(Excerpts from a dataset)
◇ ◇ ◇ ◇ ◇

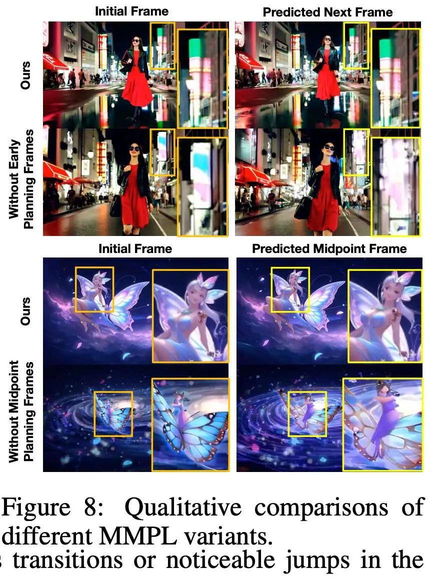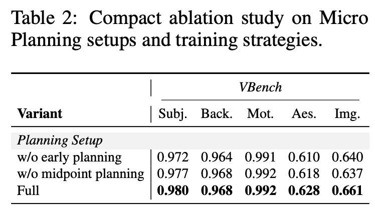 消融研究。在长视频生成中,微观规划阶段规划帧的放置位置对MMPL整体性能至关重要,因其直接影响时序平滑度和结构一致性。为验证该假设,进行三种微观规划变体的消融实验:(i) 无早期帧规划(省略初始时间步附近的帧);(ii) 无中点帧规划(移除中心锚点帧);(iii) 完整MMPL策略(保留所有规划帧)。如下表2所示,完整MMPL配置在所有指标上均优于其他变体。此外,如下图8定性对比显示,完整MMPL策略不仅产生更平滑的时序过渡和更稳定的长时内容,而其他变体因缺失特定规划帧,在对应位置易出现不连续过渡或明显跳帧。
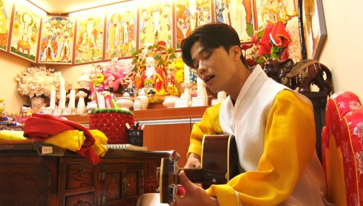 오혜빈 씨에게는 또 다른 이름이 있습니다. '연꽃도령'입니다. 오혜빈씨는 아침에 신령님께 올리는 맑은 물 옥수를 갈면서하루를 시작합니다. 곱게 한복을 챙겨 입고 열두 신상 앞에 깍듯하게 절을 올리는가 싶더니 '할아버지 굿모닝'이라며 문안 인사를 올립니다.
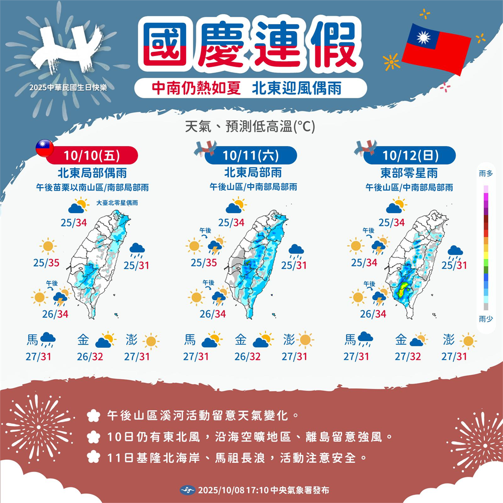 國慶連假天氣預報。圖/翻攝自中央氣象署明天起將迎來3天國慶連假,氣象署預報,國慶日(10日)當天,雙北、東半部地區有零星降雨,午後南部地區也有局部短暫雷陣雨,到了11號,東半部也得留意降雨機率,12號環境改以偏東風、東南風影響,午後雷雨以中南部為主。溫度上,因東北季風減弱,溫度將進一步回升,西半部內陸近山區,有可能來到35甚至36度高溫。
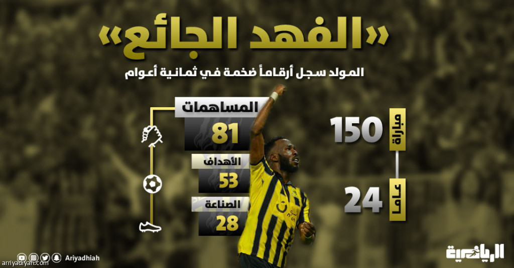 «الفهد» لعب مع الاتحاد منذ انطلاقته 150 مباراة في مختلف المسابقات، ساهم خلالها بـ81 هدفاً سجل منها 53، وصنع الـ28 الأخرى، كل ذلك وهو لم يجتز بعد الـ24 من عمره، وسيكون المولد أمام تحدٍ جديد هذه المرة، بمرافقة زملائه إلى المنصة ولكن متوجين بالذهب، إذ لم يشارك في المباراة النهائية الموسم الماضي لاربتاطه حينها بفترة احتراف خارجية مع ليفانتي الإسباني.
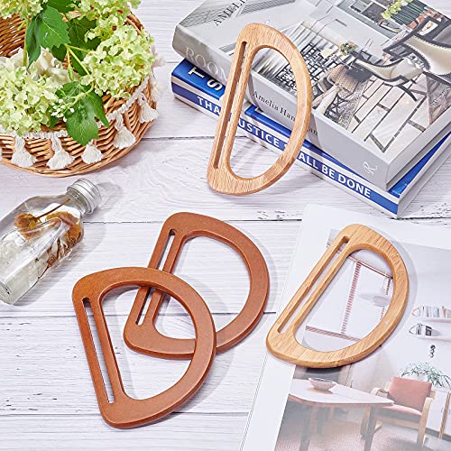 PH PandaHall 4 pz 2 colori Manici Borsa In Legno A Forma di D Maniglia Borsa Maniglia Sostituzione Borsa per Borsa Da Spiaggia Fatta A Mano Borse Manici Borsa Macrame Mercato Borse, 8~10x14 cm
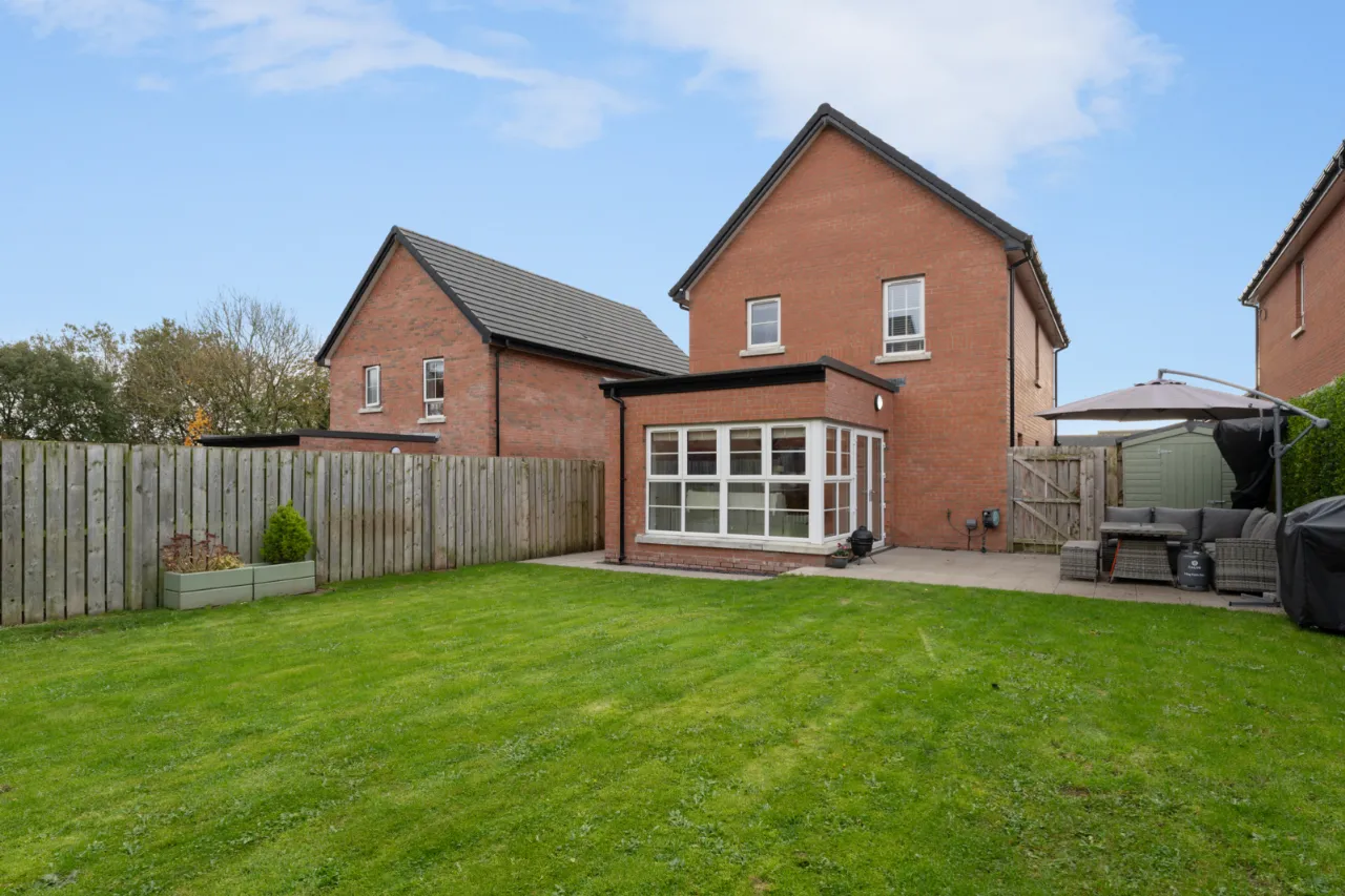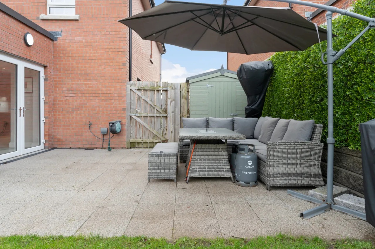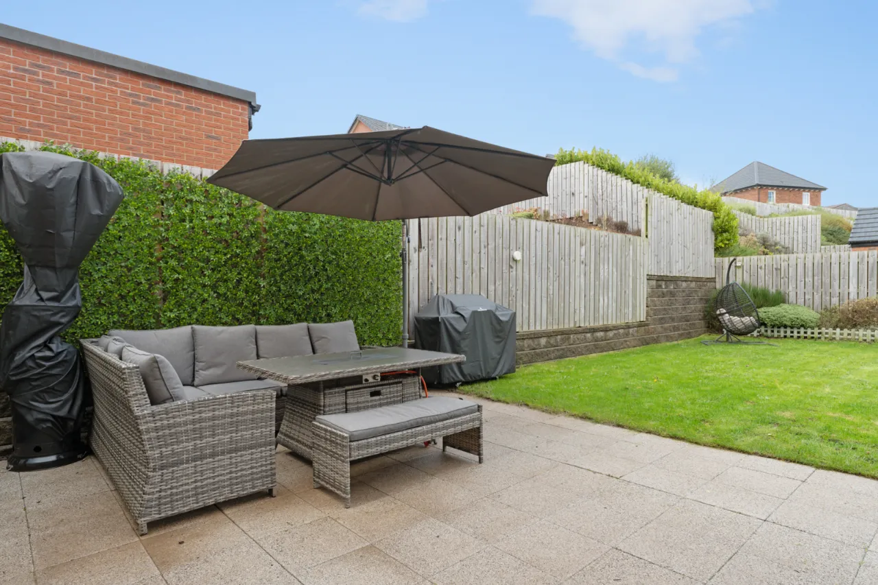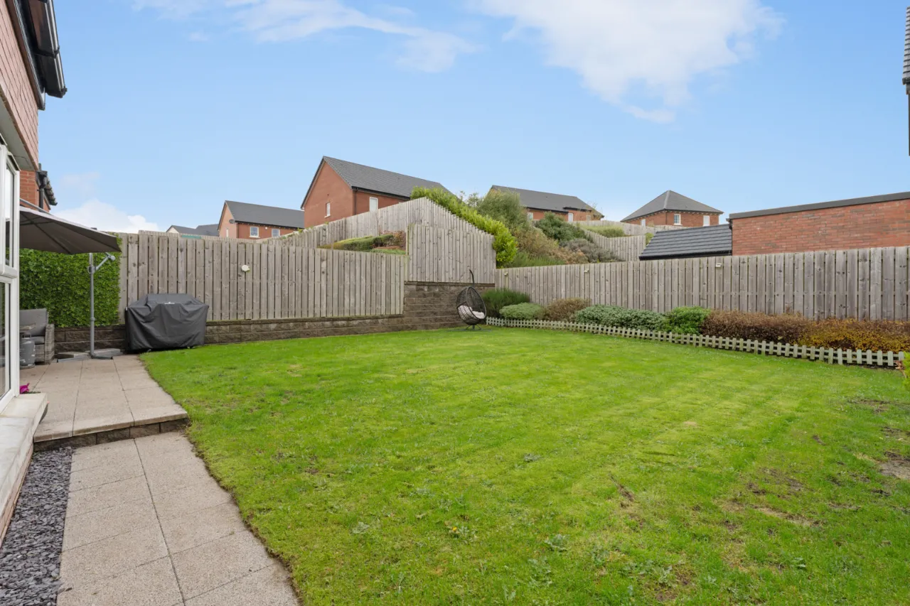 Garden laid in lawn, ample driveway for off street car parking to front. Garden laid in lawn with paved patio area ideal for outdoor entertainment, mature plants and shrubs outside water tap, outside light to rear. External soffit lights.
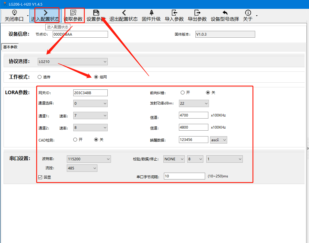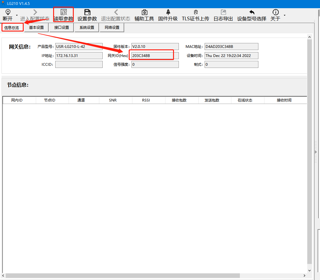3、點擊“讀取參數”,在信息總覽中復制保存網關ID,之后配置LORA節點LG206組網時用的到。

◇ ◇ ◇ ◇ ◇

→ **TASK TO COMPLETE**: Without the pictures, restate all of the entries above verbatim.

→ **SOLUTION**:
 消融研究。在长视频生成中,微观规划阶段规划帧的放置位置对MMPL整体性能至关重要,因其直接影响时序平滑度和结构一致性。为验证该假设,进行三种微观规划变体的消融实验:(i) 无早期帧规划(省略初始时间步附近的帧);(ii) 无中点帧规划(移除中心锚点帧);(iii) 完整MMPL策略(保留所有规划帧)。如下表2所示,完整MMPL配置在所有指标上均优于其他变体。此外,如下图8定性对比显示,完整MMPL策略不仅产生更平滑的时序过渡和更稳定的长时内容,而其他变体因缺失特定规划帧,在对应位置易出现不连续过渡或明显跳帧。
 오혜빈 씨에게는 또 다른 이름이 있습니다. '연꽃도령'입니다. 오혜빈씨는 아침에 신령님께 올리는 맑은 물 옥수를 갈면서하루를 시작합니다. 곱게 한복을 챙겨 입고 열두 신상 앞에 깍듯하게 절을 올리는가 싶더니 '할아버지 굿모닝'이라며 문안 인사를 올립니다.
 國慶連假天氣預報。圖/翻攝自中央氣象署明天起將迎來3天國慶連假,氣象署預報,國慶日(10日)當天,雙北、東半部地區有零星降雨,午後南部地區也有局部短暫雷陣雨,到了11號,東半部也得留意降雨機率,12號環境改以偏東風、東南風影響,午後雷雨以中南部為主。溫度上,因東北季風減弱,溫度將進一步回升,西半部內陸近山區,有可能來到35甚至36度高溫。
 «الفهد» لعب مع الاتحاد منذ انطلاقته 150 مباراة في مختلف المسابقات، ساهم خلالها بـ81 هدفاً سجل منها 53، وصنع الـ28 الأخرى، كل ذلك وهو لم يجتز بعد الـ24 من عمره، وسيكون المولد أمام تحدٍ جديد هذه المرة، بمرافقة زملائه إلى المنصة ولكن متوجين بالذهب، إذ لم يشارك في المباراة النهائية الموسم الماضي لاربتاطه حينها بفترة احتراف خارجية مع ليفانتي الإسباني.
 PH PandaHall 4 pz 2 colori Manici Borsa In Legno A Forma di D Maniglia Borsa Maniglia Sostituzione Borsa per Borsa Da Spiaggia Fatta A Mano Borse Manici Borsa Macrame Mercato Borse, 8~10x14 cm
 Garden laid in lawn, ample driveway for off street car parking to front. Garden laid in lawn with paved patio area ideal for outdoor entertainment, mature plants and shrubs outside water tap, outside light to rear. External soffit lights.
3、點擊“讀取參數”,在信息總覽中復制保存網關ID,之后配置LORA節點LG206組網時用的到。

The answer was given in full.